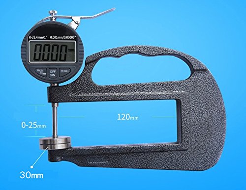 - QST-CAIDU Custom Edition Digital Thickness Gauge | Flat Anvil, 120mm Throat Depth | ID-S Type & Inch/Metric | 0-1" (0-25mm) Range, 0.00005" (0.001mm) Resolution, Chuck Ø 30mm, and an accuracy of + or - 0.001mm
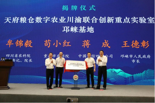 中国电信四川公司副总经理蒋成与四川省农业科学院党委书记牟锦毅、重庆市农业科学院院长苟小红、邛崃市人民政府市长王德彰共同为天府粮仓数字农业川渝联合创新重点实验室揭牌。
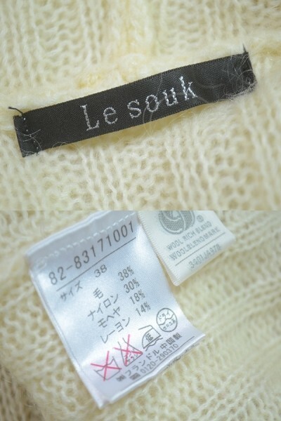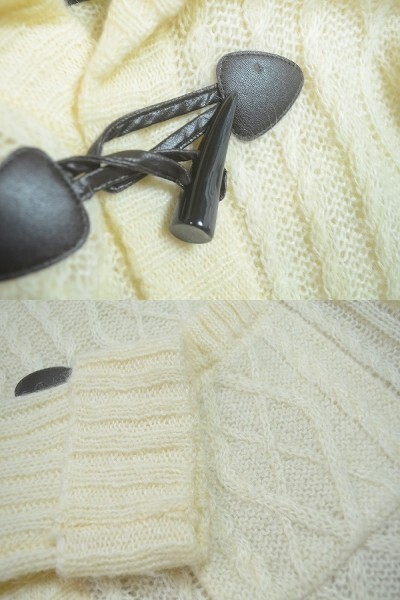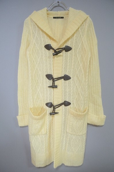 A733/美品 春夏 薄手 Le souk ルスーク ウール モヘヤ フード付き ケーブル ニット ダッフルコート 38 クリーム色/レディース カーディガン
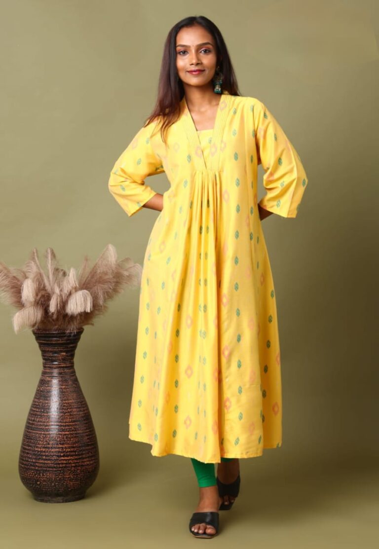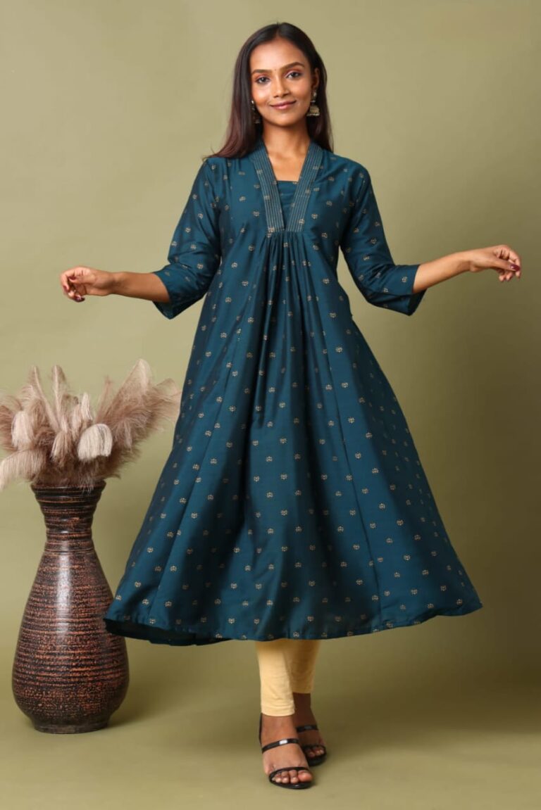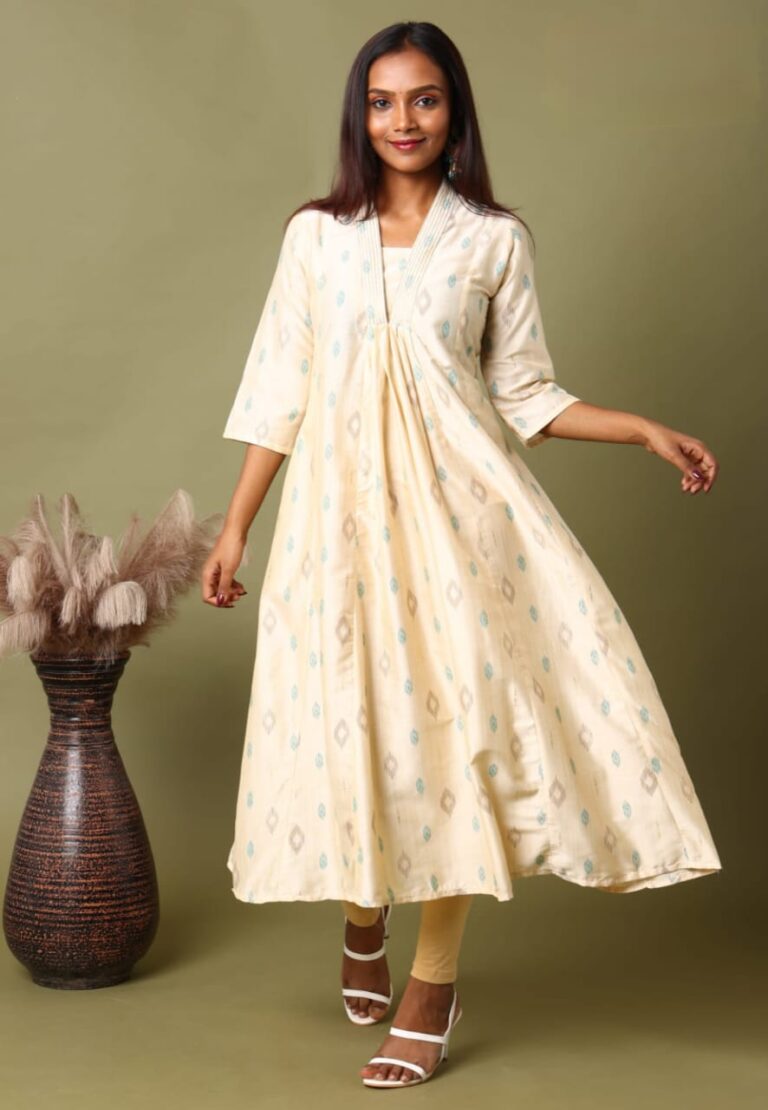 FEA007 – V Neck Silk Cotton Embroidery A-Line Kurta
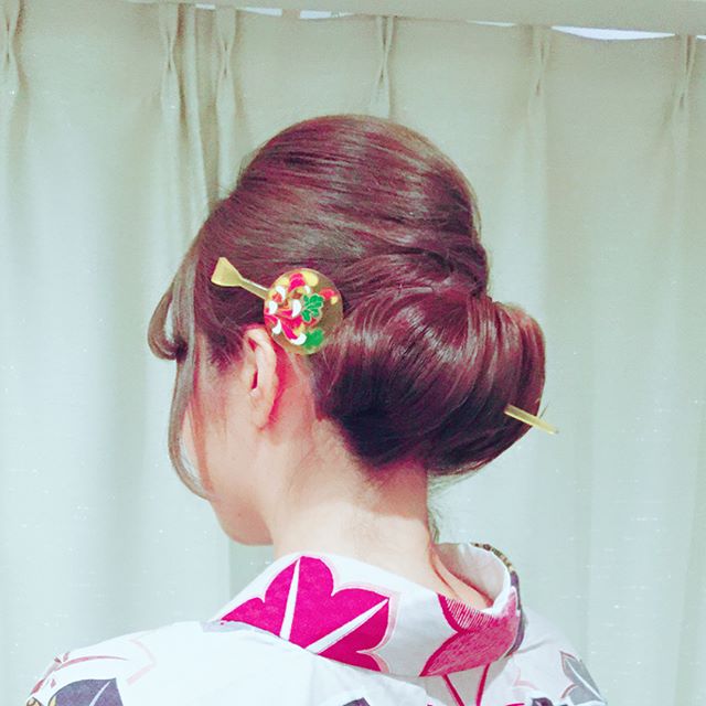 こちらはヘアセットスタンダードのお団子ヘアです。かんざしと着物の色を合わせてまとまり感を出しています。お団子のまとめ方は髪を三つ編みにして、後頭部を中心にぐるっと何周かさせて、ピンでとめたところにかんざしを挿すというやり方です。簡単ながら涼しげで春の暖かくなる時期や夏にもぴったりのヘアセットです。
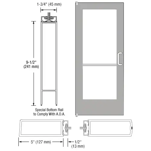 CRL-U.S. Aluminum DE52211R136 Clear Anodized 550 Series Wide Stile Inactive Leaf of Pair 3'0 x 7'0 Offset Hung with Pivots for Surf Mount Closer Complete Door Standard Lock and 9-1/2" Bottom Rail for 1/4" Glass with Standard MS Lock and Bottom Rail
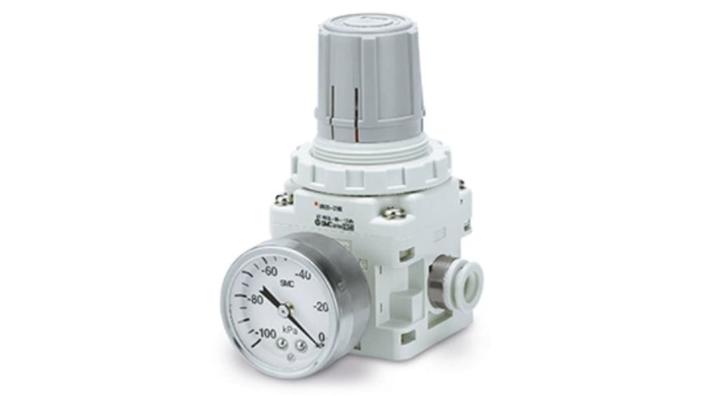 Regolatore di vuoto SMC per il controllo della pressione della linea di vuoto, portata massima 235L/min, massima pressione di vuoto -1.3kPa, minima pressione di vuoto -100kPa, raccordo one-touch incorporato, pressostato digitale per montaggio a pannello, serie IRV20.

*****

* [Exercise brief]
Go through the material above and repeat it exactly. Omit the pictures.

* [Problem solution]
 - QST-CAIDU Custom Edition Digital Thickness Gauge | Flat Anvil, 120mm Throat Depth | ID-S Type & Inch/Metric | 0-1" (0-25mm) Range, 0.00005" (0.001mm) Resolution, Chuck Ø 30mm, and an accuracy of + or - 0.001mm
 中国电信四川公司副总经理蒋成与四川省农业科学院党委书记牟锦毅、重庆市农业科学院院长苟小红、邛崃市人民政府市长王德彰共同为天府粮仓数字农业川渝联合创新重点实验室揭牌。
 A733/美品 春夏 薄手 Le souk ルスーク ウール モヘヤ フード付き ケーブル ニット ダッフルコート 38 クリーム色/レディース カーディガン
 FEA007 – V Neck Silk Cotton Embroidery A-Line Kurta
 こちらはヘアセットスタンダードのお団子ヘアです。かんざしと着物の色を合わせてまとまり感を出しています。お団子のまとめ方は髪を三つ編みにして、後頭部を中心にぐるっと何周かさせて、ピンでとめたところにかんざしを挿すというやり方です。簡単ながら涼しげで春の暖かくなる時期や夏にもぴったりのヘアセットです。
 CRL-U.S. Aluminum DE52211R136 Clear Anodized 550 Series Wide Stile Inactive Leaf of Pair 3'0 x 7'0 Offset Hung with Pivots for Surf Mount Closer Complete Door Standard Lock and 9-1/2" Bottom Rail for 1/4" Glass with Standard MS Lock and Bottom Rail
 Regolatore di vuoto SMC per il controllo della pressione della linea di vuoto, portata massima 235L/min, massima pressione di vuoto -1.3kPa, minima pressione di vuoto -100kPa, raccordo one-touch incorporato, pressostato digitale per montaggio a pannello, serie IRV20.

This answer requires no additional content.